Friday, October 10, 2014

“Useless slaughter”: believers and the Holy See during the First World War


Vatican City, 10 October 2014 (VIS) – A press conference was held yesterday at 11 a.m. in the Holy Press Office to present the International Congress “Useless Slaughter: Catholics and the Holy See in the First World War”, organised by the Pontifical Council for Historical Sciences. The speakers were Fr. Bernard Ardura, O. Praem., president of the Pontifical Council for Historical Sciences and Professor Roberto Morozzo della Rocca of the “Roma Tre” University.

“The initiative of the Pontifical Committee of Historical Sciences aims to bring together numerous specialists in the field, with the intention of offering a reinterpretation of the conflict not only seen but also experienced by believers, mostly Catholics but also Protestants and Orthodox – and more specifically for the Holy See that, at the time again without territory of its own, and therefore within the territory of Italy, involved in the conflict, sought as far as possible to safeguard its specific nature”.

The theme of the congress, “Useless Slaughter”, are two words that express the drama of the First World War.

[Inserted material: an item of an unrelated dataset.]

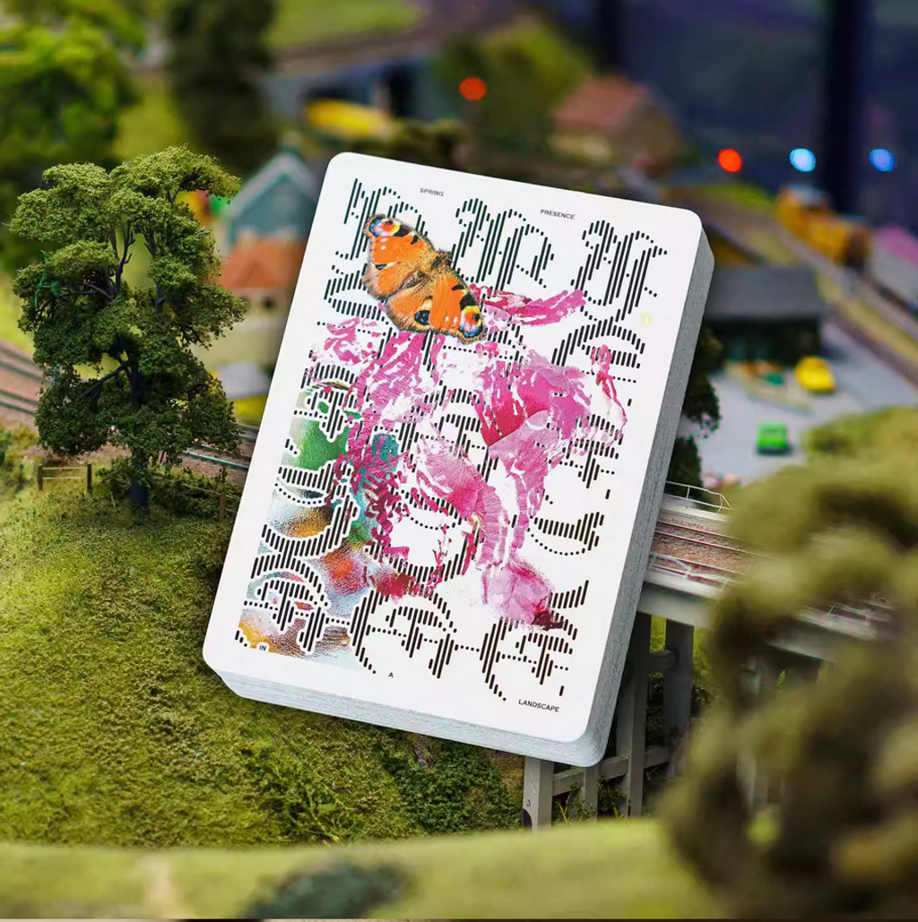 A pathway blanket of multiple truths. Aglais Io, Rosa Rugosa and Vitrum on a typographic foundation — serving as a holistic mood board of observations throughout springtime.

One hundred years after the outbreak of the first world war, the Pontifical Committee for Historical Sciences, in collaboration with the Hungarian Academy in Rome and the Commission International d'Histoire et Etudes du Christianisme, have offered the opportunity to review the historiography with particular attention to the commitment of Catholics and the Holy See in the conflict.

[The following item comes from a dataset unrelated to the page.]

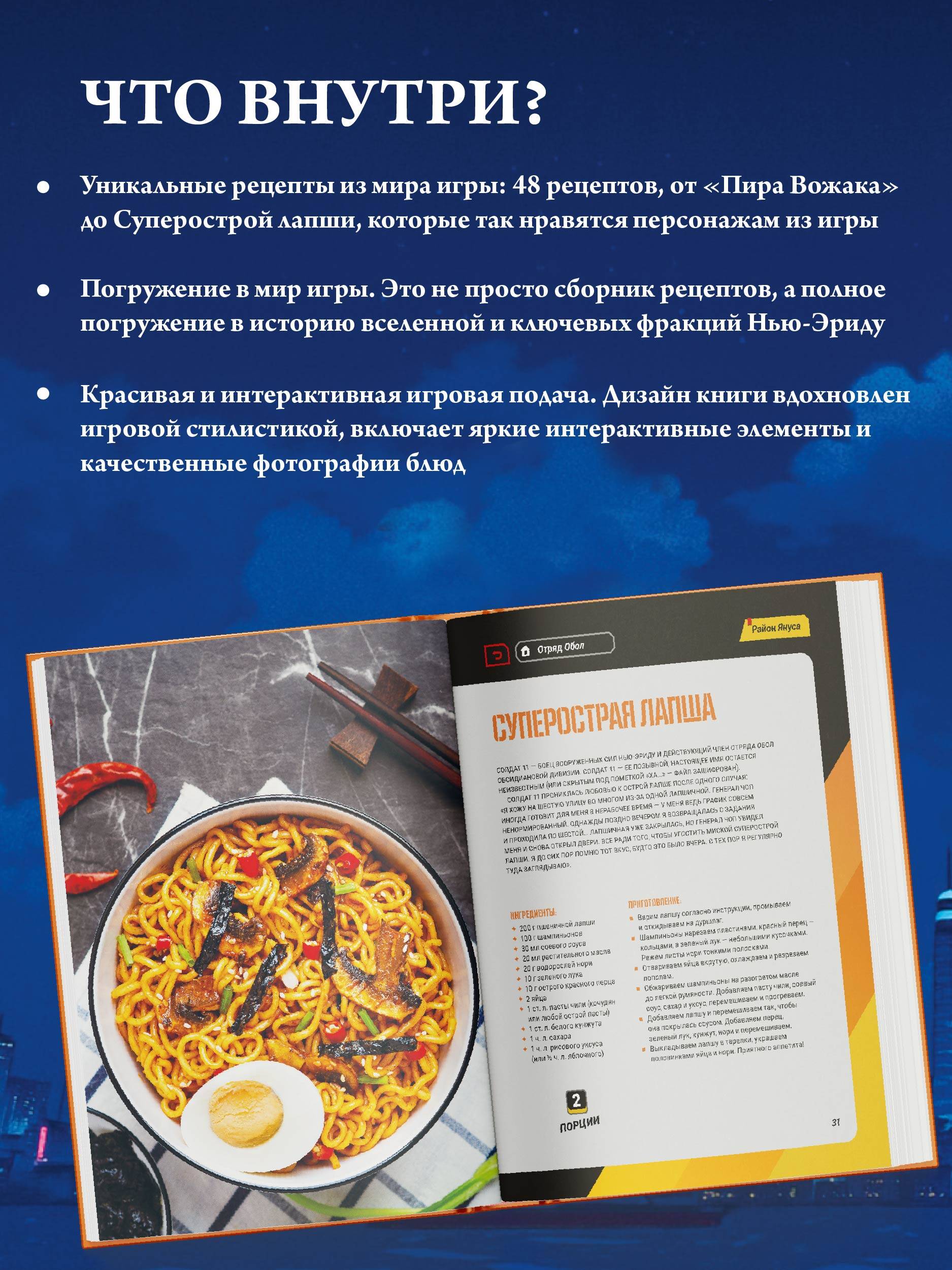 Добро пожаловать в Нью-Эриду! Давайте заглянем в видеопрокат Random Play - место, где каждая кассета открывает новую историю. Отправляйтесь в кулинарное путешествие вместе с Вайз и Белль, а также их верным шеф-поваром банбу. На страницах книги вы встретите множество рецептов и откроете для себя капельку интересных историй регионов, где люди научились превращать опасность в силу и вкус. Попробуйте: • "Пир Вожака", одно из фирменных блюд "Сырополиса" на Объездой. • Баоцзы - любимое блюдо из детства Исюань. • Суперострую лапшу - единственный и неизменный ужин Солдата 11. • Клубничное парфе - такой же необычный десерт, как и ник Йидхари. Вставляйте кассету, выбирайте рецепт - и создавайте собственный кулинарный блокбастер у себя на кухне!

Fr. Bernard Ardura explained that although the central theme of the meeting was Catholics and the Holy See in the First World War, the congress also includes interventions from various historians regarding States with predominantly Protestant or Orthodox citizens. It is hoped, he affirmed, that a second Congress will be held in 2018 on the consequences of the Treaty of Versailles which were, at least in part, at the origin of the Second World War and whose repercussions can still be felt at the dawn of the 21st century.